Records from a data collection:
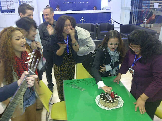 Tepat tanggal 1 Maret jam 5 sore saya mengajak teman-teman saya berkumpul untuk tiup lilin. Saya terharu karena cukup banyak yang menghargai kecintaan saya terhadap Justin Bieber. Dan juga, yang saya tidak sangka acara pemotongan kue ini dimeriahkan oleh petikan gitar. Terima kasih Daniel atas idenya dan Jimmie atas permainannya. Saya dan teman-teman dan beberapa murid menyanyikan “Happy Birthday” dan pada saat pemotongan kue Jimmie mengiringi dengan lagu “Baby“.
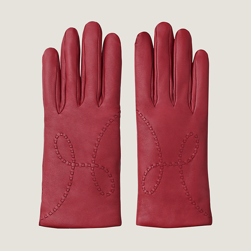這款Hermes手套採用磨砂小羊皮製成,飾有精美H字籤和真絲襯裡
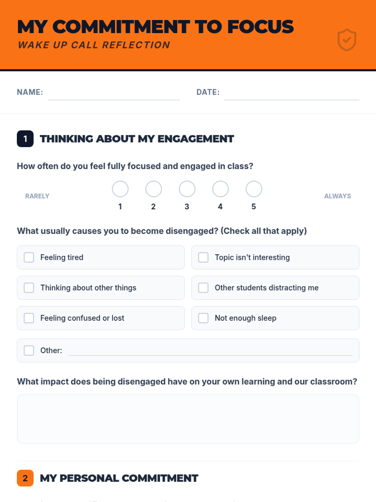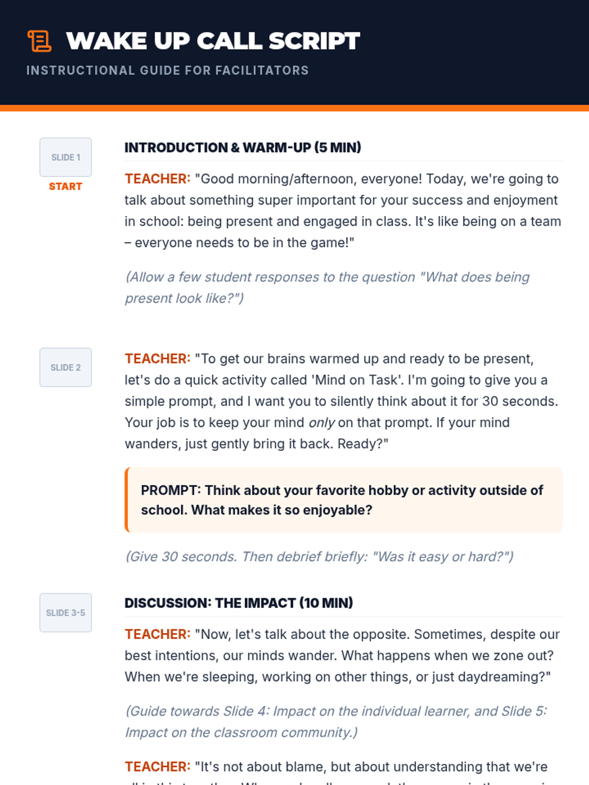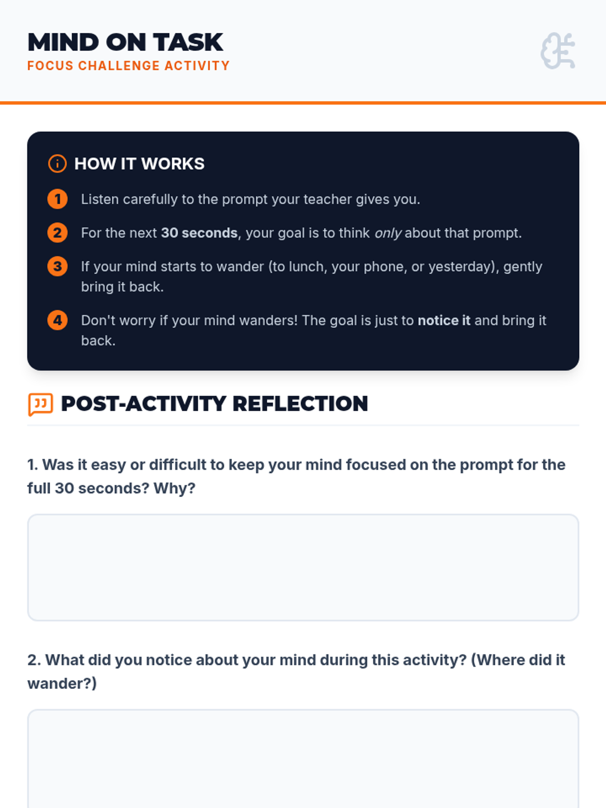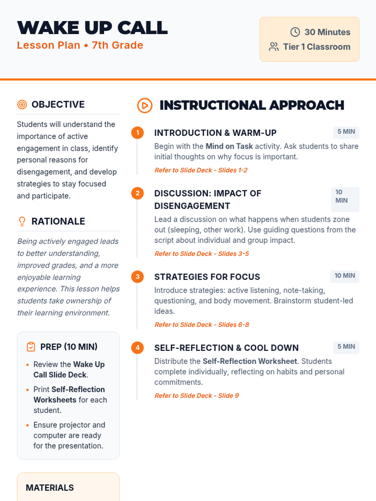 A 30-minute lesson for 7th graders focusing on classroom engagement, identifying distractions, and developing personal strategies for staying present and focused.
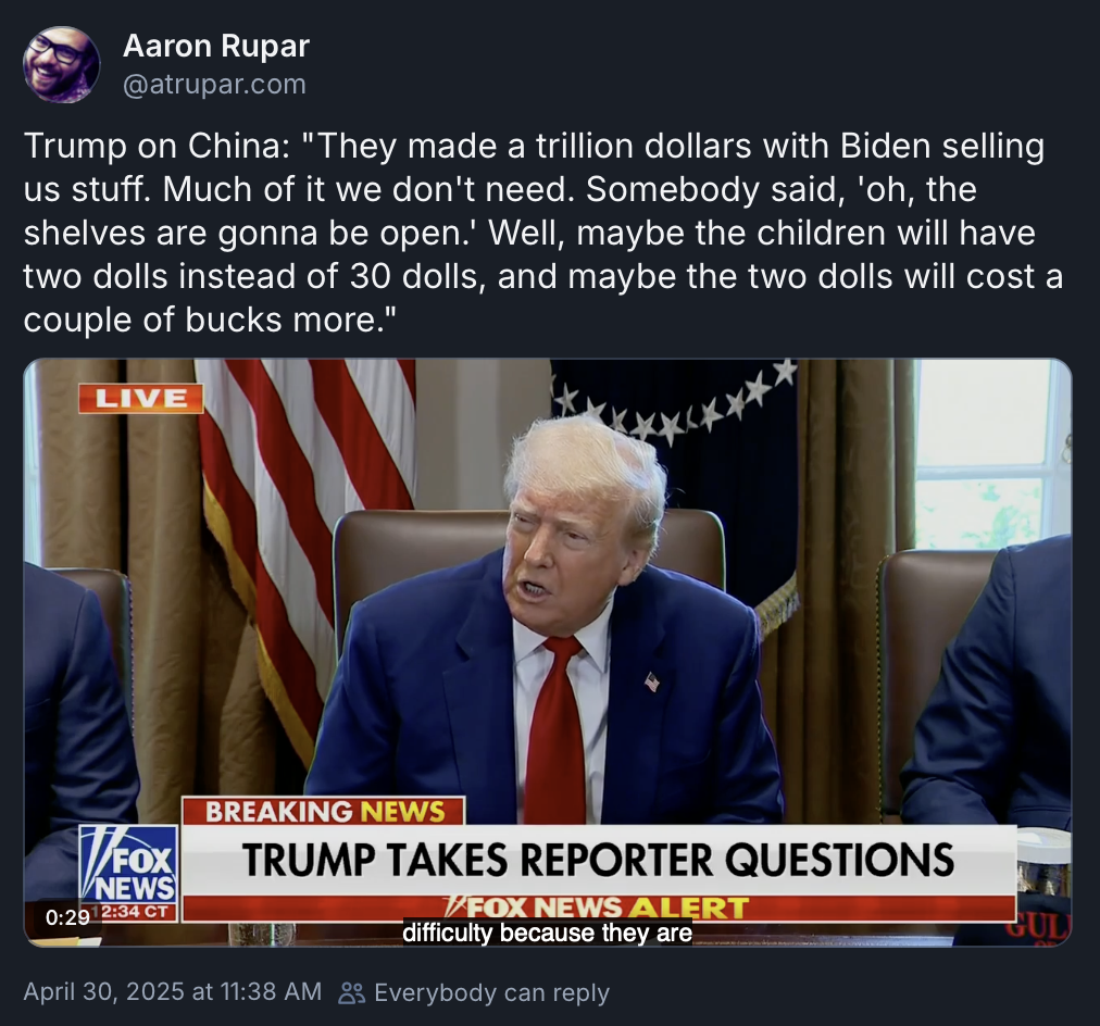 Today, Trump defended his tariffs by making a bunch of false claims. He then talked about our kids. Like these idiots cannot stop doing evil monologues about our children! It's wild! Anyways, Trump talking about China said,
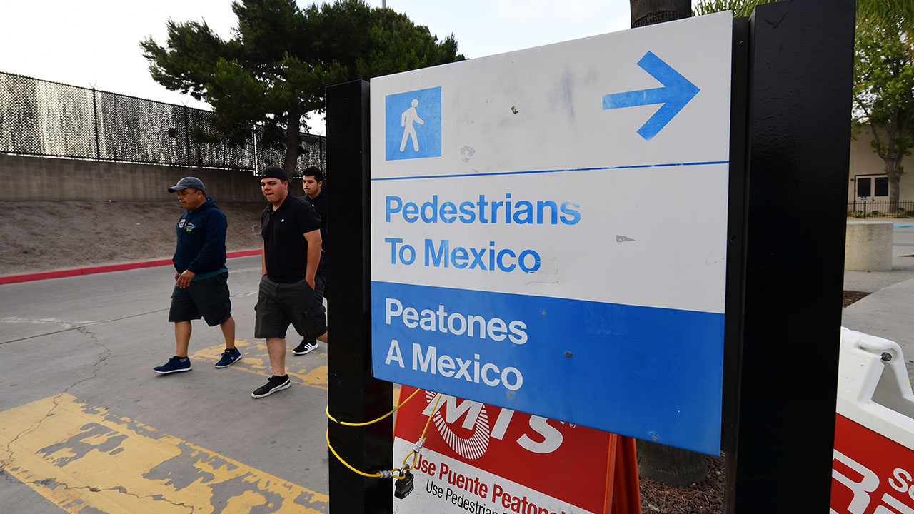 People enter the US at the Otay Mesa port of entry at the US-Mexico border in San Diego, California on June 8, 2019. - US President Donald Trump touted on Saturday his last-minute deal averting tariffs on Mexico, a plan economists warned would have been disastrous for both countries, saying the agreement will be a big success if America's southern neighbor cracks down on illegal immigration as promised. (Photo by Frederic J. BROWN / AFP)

Work instructions: Output every line above exactly as it stands, and drop any picture.

Written solution:
 Tepat tanggal 1 Maret jam 5 sore saya mengajak teman-teman saya berkumpul untuk tiup lilin. Saya terharu karena cukup banyak yang menghargai kecintaan saya terhadap Justin Bieber. Dan juga, yang saya tidak sangka acara pemotongan kue ini dimeriahkan oleh petikan gitar. Terima kasih Daniel atas idenya dan Jimmie atas permainannya. Saya dan teman-teman dan beberapa murid menyanyikan “Happy Birthday” dan pada saat pemotongan kue Jimmie mengiringi dengan lagu “Baby“.
這款Hermes手套採用磨砂小羊皮製成,飾有精美H字籤和真絲襯裡
 A 30-minute lesson for 7th graders focusing on classroom engagement, identifying distractions, and developing personal strategies for staying present and focused.
 Today, Trump defended his tariffs by making a bunch of false claims. He then talked about our kids. Like these idiots cannot stop doing evil monologues about our children! It's wild! Anyways, Trump talking about China said,
 People enter the US at the Otay Mesa port of entry at the US-Mexico border in San Diego, California on June 8, 2019. - US President Donald Trump touted on Saturday his last-minute deal averting tariffs on Mexico, a plan economists warned would have been disastrous for both countries, saying the agreement will be a big success if America's southern neighbor cracks down on illegal immigration as promised. (Photo by Frederic J. BROWN / AFP)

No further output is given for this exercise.